Adventsbloggen, 18.Dezember

18. Dezember 2025

Ein ruhiger Tag voller Gemütlichkeitsinselchen. Kerzchen hier, Teechen da und dazwischen sehr viel „im Kopf formulieren“. Ich muss nämlich den Satz: „Du Vollpfosten, woher kommt diese irrationale Angst vor der Antifa? Wir sollten alle Antifa sein.“ in eine etwas gefälligere, zahmere, weniger angriffslustige Form bringen. Die Sache mit den wohlüberlegten Formulierungen übe ich noch. Es fällt mir schwer, ich bin da zu emotional.

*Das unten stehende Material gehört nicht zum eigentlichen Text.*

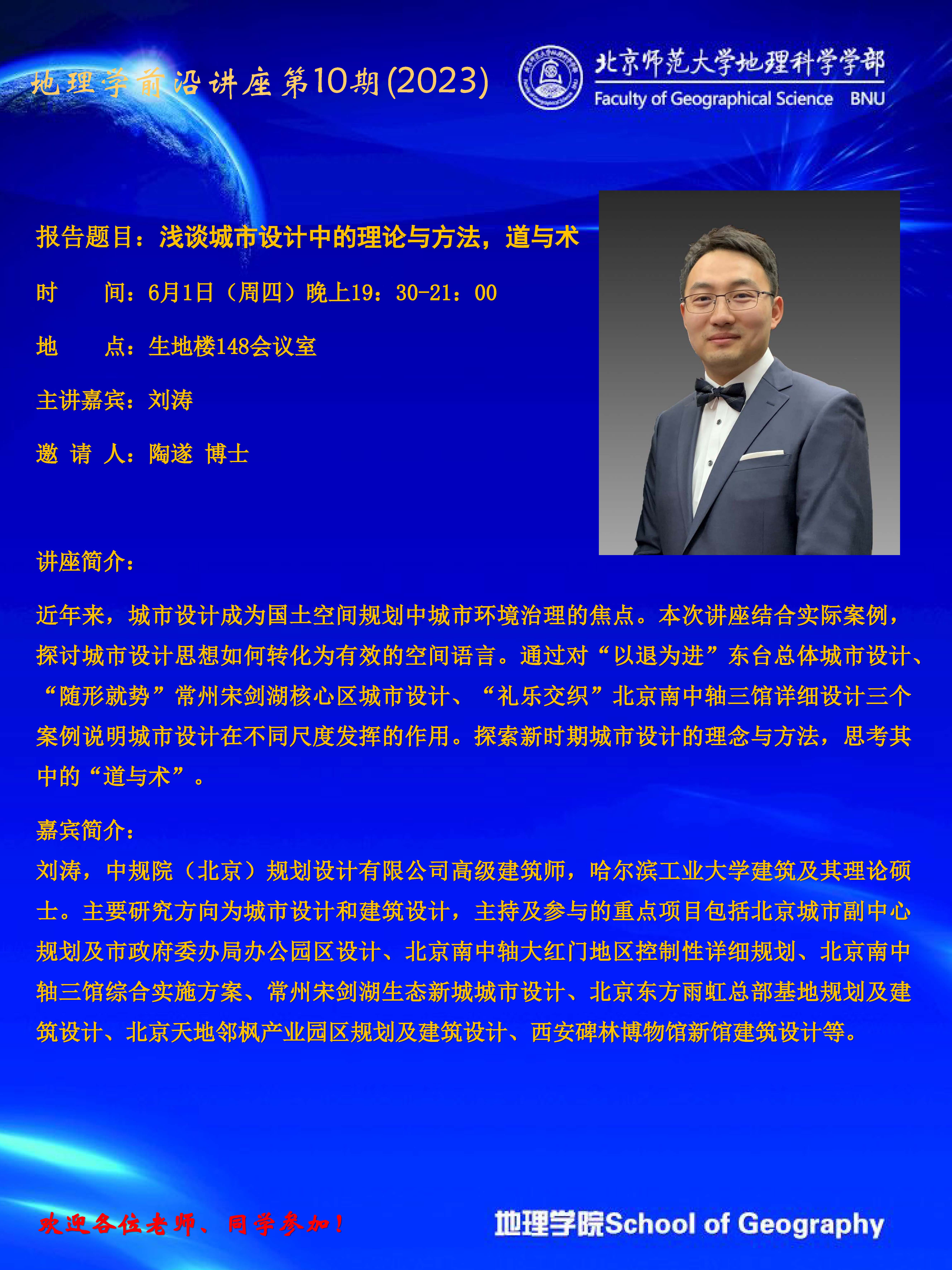 【6月1日】地理学前沿讲座第10期(2023)刘涛:浅谈城市设计中的理论与方法,道与术

Sonst nur Kleinigkeiten erledigt, ich erwähnte es ja – viel Gemütlichkeit. Ein bißchen Kopfschmerz ist auch wieder dabei und ja, ich habe es in den Terminkalender geschrieben: Arzttermin ausmachen, das ist ja kein Zustand mehr.

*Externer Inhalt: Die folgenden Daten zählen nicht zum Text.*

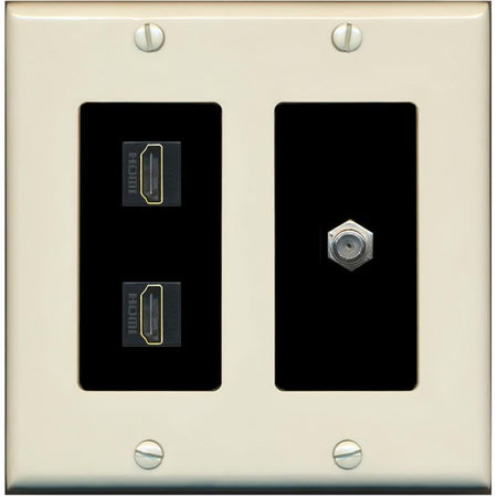 Coax 2 HDMI Wall Plate-2 Gang Light-Almond/Black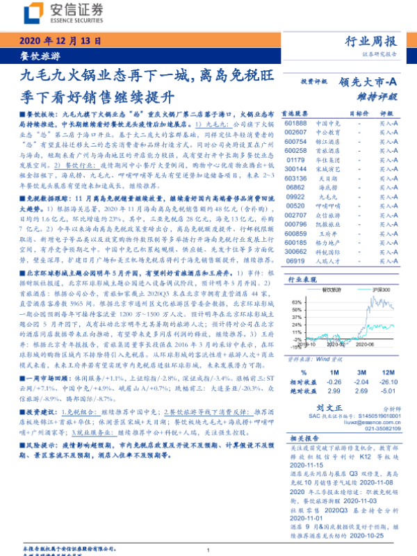 【安信证券】【20201213】九毛九火锅业态再下一城,离岛免税旺季下看好销售继续提升-10页 行业研究

Mittlerweile dröselt sich die „wann ist wer wo“-Situation auf! Ein Tisch für neun am Sonntag abend ist reserviert, vorher habe ich noch einen halboffiziellen Termin beim Weihnachtsglühen der Grünen. Sogar die Ankunftszeit des Schwagers mit den jüngeren Kindern ist auf zwei Tage eingegrenzt. Das superduper Entspannungsgefühl von gestern ist noch da, es funkelt nur nicht mehr ganz so hell.

Der Gatte und der Jüngste haben jetzt bis ins nächste Jahr frei, haben sie beide so sehr verdient. Wir haben den letzten Arbeitstag sehr stillos mit einem Bier gefeiert. Jetzt bin ich müde von der Ereignislosigkeit und hüpfe ins Bett.

Adventsbloggen, 17. Dezember

17. Dezember 2025

Eigentlich wollte ich heute garnicht bloggen, weil ich eh nix zu erzählen habe und wenn ich hier was schreibe, ich im echten Leben wieder nur „jaja, weiß ich schon, hab ich schon gelesen“ zu hören bekomme. Ja, ich meine Dich. Und Dich auch. Hmpf.

Heute also keinen superspannenden Tagesablauf (gemeinsam mit Oma Eis gefrühstückt, Haushaltsgedöhns, Mandeln gebrannt und nicht die Finger verbrannt, gehäkelt und mit dem Jüngsten Serie geschaut -> Sie kommen um vor Spannung, ich spüre das).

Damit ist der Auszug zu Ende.